In a stream processing model, data is processed as it arrives to the Big Data system. With a batch processing model, only once the data is stored does the system run a variety of batch analytics – typically through a map/reduce style of processing.
Facebook and Twitter are good examples of stream processing models in use today, as I outlined in a previous post entitled Facebook’s vs Twitter’s Approach to Real-Time Analytics.
According to a recent survey of approximately 250 respondents, there is a trend moving towards stream processing in order to speed up analytics, with a significant increase in the popularity of this model when compared with last year. The number of organizations planning to use stream processing in 2014 has more than doubled (24%) from last year’s amount (10%).
This goes hand in hand with the fact that real-time analytics is also becoming more mainstream, as I pointed out in my 2014 Predictions.
Another interesting data point from the survey is that roughly 43% of the respondents defined real-time as sub-second and 42% defined it as sub-minute. This difference is quite interesting and could lead to different approaches for implementing stream processing.
For example, real-time is defined differently by Facebook and Twitter. In the case of Twitter, they chose Storm as their event processing engine, allowing them to process events at a sub-second resolution. Meanwhile, Facebook defines real-time at a 30 second batch window, choosing a logging-based approach to fit their need.
Based on the survey, it appears that both approaches are valid and can be applied in correlation to the degree of real-timeliness of your analysis.
|Facebook Log-Centric Stream Processing||Twitter Event-Centric Stream Processing|
In-Memory Data Grids become a more popular choice for real-time processing
According to the survey, 64% of the respondents indicated that they plan to combine In-Memory-based solutions for delivering their real-time analytics processing. This is also consistent with last year survey done by Ventana Research.

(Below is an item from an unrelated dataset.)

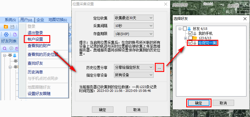 在奧維PC客戶端中,點(diǎn)擊[用戶]菜單,點(diǎn)擊【賬戶設(shè)置】按鈕,進(jìn)入[賬戶設(shè)置]窗口,點(diǎn)擊【位置分享】下拉框,選擇【分享給指定好友】,點(diǎn)擊【選擇好友】按鈕,彈出[選擇好友]窗口,勾選好友,點(diǎn)擊【確定】按鈕,執(zhí)行分享。設(shè)置完后,指定的好友即能獲取本客戶端的位置信息。

I believe that will see an even bigger movement in this direction, as the cost/performance ratio of In-Memory Data Grids and In-Memory Databases would go down significantly with the combination of RAM and Flash devices, which together provide a fairly compelling solution from both performance and cost ratio to that of other disk-based alternatives.
Big Data in the Cloud increased to 56%
New developments in cloud infrastructure, such as the support for bare metal in the new OpenStack releases, as well as support, high memory, flash disk, etc, are removing many of the technical barriers for running I/O intensive workloads like Big Data in the cloud.
Indeed, according to the survey, there is a significant shift towards the use of Big Data in the cloud with 55% of organizations either using or planning to run their Big Data in the cloud in 2014.
Where do we go from here? How does this effect GigaSpaces’ future roadmap?
There are multiple areas in the GigaSpaces roadmap that aim to address this demand.
Real-Time Processing through Storm Integration – In this project, we integrate Storm on top of a Memory backend for both stream processing and data-store.
Support for Flash Disk – The integration with flash disk is planned for our upcoming XAP release and will include support for SanDisk, Fusion I/O and other flash disk devices.
Big Data in the Cloud – through Cloudify – We’ve been continuously extending our Big Data portfolio support and recently added support for Storm and Cognos, adding to our existing support for Hadoop, MongoDB, Cassandra, ElasticSearch, etc.